Treating Martinez-Fuerte as exemplifying a “border exception” or “immigration exception” to normal fourth amendment principles turns that amendment on its head. The fourth amendment reflects antipathy toward efforts to enforce the customs laws by searching warehouses for dutiable goods. See Leonard W. Levy, Original Intent and the Framers’ Constitution 234-46 (1988); Telford Taylor, Search, Seizure and Surveillance, in Two Studies in Constitutional Interpretation 23-44 (1969). Inland searches based on the national government’s power over immigration and importation (Martinez-Fuerte was not a border search) should be evaluated under the fourth amendment’s normal “reasonableness” standard; instead my colleagues treat the immigration power as a reason to reduce the force of the fourth amendment. As a side effect, the national government, the object of the fourth amendment, winds up with greater freedom to conduct searches and seizures than state and local governments, which have been brought within the fourth amendment only indirectly. Any approach that carries this “paradoxical implication” (slip op. 9) must be rejected. Giving the national government more leeway than the states to conduct searches, and treating immigration and customs searches as especially easy to justify, are so at war with the text and history of the Constitution that they cannot be sustained.
Searches by the national government pose a serious threat to the citizenry; searches by local governments pose less, because movement within the country is easy. Some cities enforce their drug laws by heavy reliance on spies, infiltrators, informers, turncoats, wiretaps, and nighttime searches where battering rams smash through doors; others may substitute more civil methods, such as roadblocks where the only imposition is a five-minute wait with man’s best friend outside. Which of these is most like the “methods of policing that are associated with totalitarian nations” (slip op. 4)? Police and prosecutors today ply people with favors so that friends and family become informers; lying about their identity, agents wheedle their way into strangers’ confidences; they search trash in the hope of finding an incriminating scrap. Scaling back these tactics (none of which requires person-specific justification) in favor of roadblocks would make enforcement of the drug laws a good deal more reasonable. Or so at least the people may conclude.

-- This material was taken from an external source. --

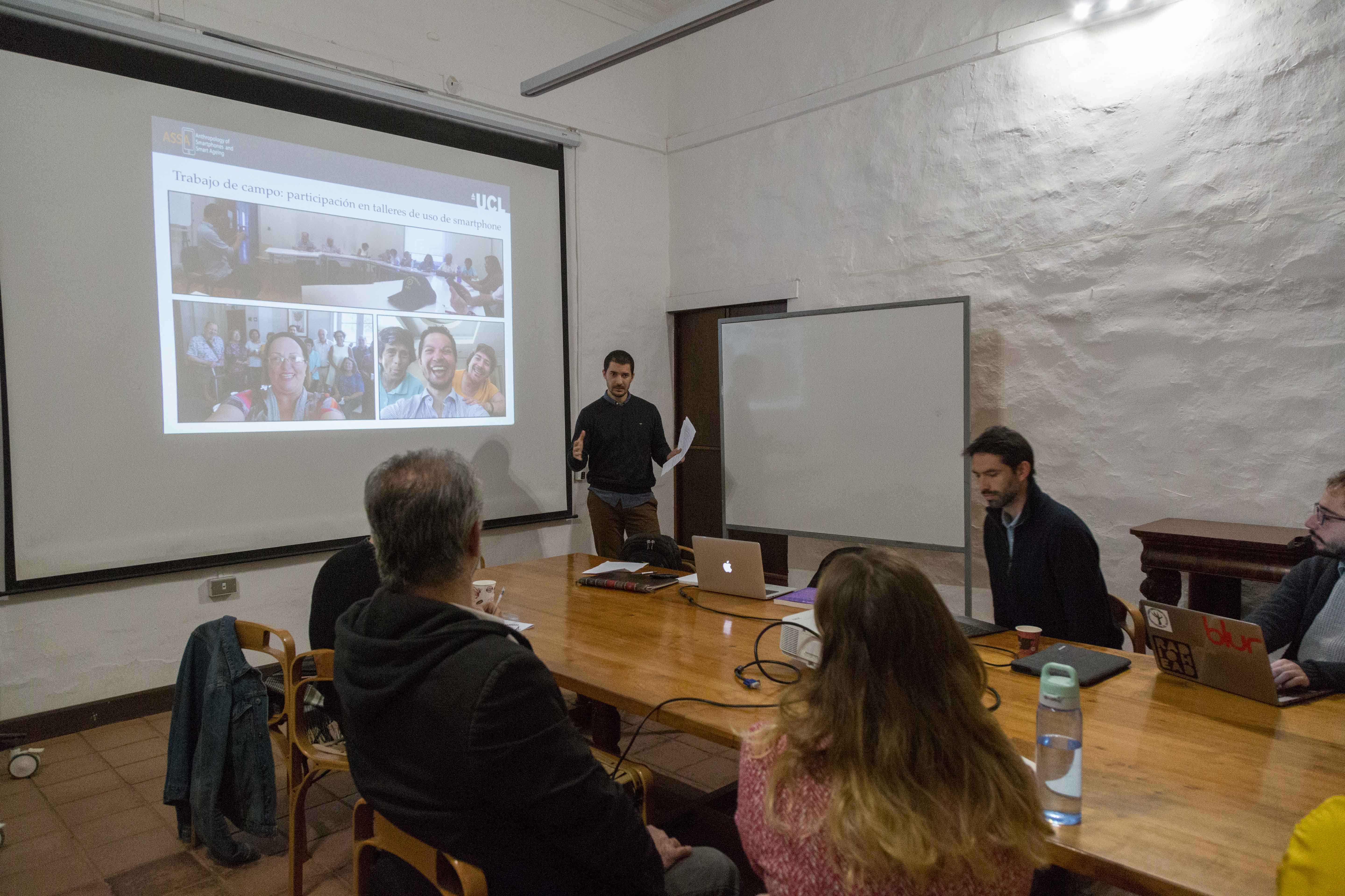 Alfonso presentó hallazgos de su trabajo de campo en Santiago, titulado “adultos mayores y el smartphone: una inminente migración digital”. Esta problemática se inserta desde una valoración contemporánea a la cultura de la juventud, en la cual se le entrega un estatus al “mantenerse joven”.  Para Alfonso, el desafío de realizar una etnografía sobre smartphones y envejecimiento implica la necesidad de una etnografía offline para comprender el uso online y mundano de esta tecnología. La inmersión en el trabajo de campo llevó a Otaegui a realizar voluntariado en cursos de alfabetización digital, los cuales forman parte de una política pública.  En el trabajo de campo, los investigadores de ASSA se encontraron con una gran diversidad en experiencias de adopción de tecnologías, en definitiva “No hay una vejez, hay vejeces” y diversos factores afectan esta experiencia (como el conocer la simbología de otros dispositivos como el símbolo play, etc.) y diferentes motivaciones para adoptarla.

One glory of a federal society is that the people may choose for themselves not only laws but also law-enforcement methods. State A may employ extra police to follow a high-probabilityof-detection and low-sentence approach; State B may choose fewer police, fewer intrusions on privacy, but higher sentences for those who are caught. Each may be reasonable. Indianapolis selected a roadblock system, one that may catch any of its drivers. If this strikes the wrong balance, the people may throw out of office those who adopted it. Given the modest intrusion that roadblocks create for personal privacy, this is a legitimate choice for the public to make. The real threat to civil liberties comes from the national government, not from law-enforcement variations that can be avoided by driving a few miles to the east or west. Local governments should have more, not less, leeway than does the national government to decide how the tradeoff between privacy and effective law enforcement shall be handled.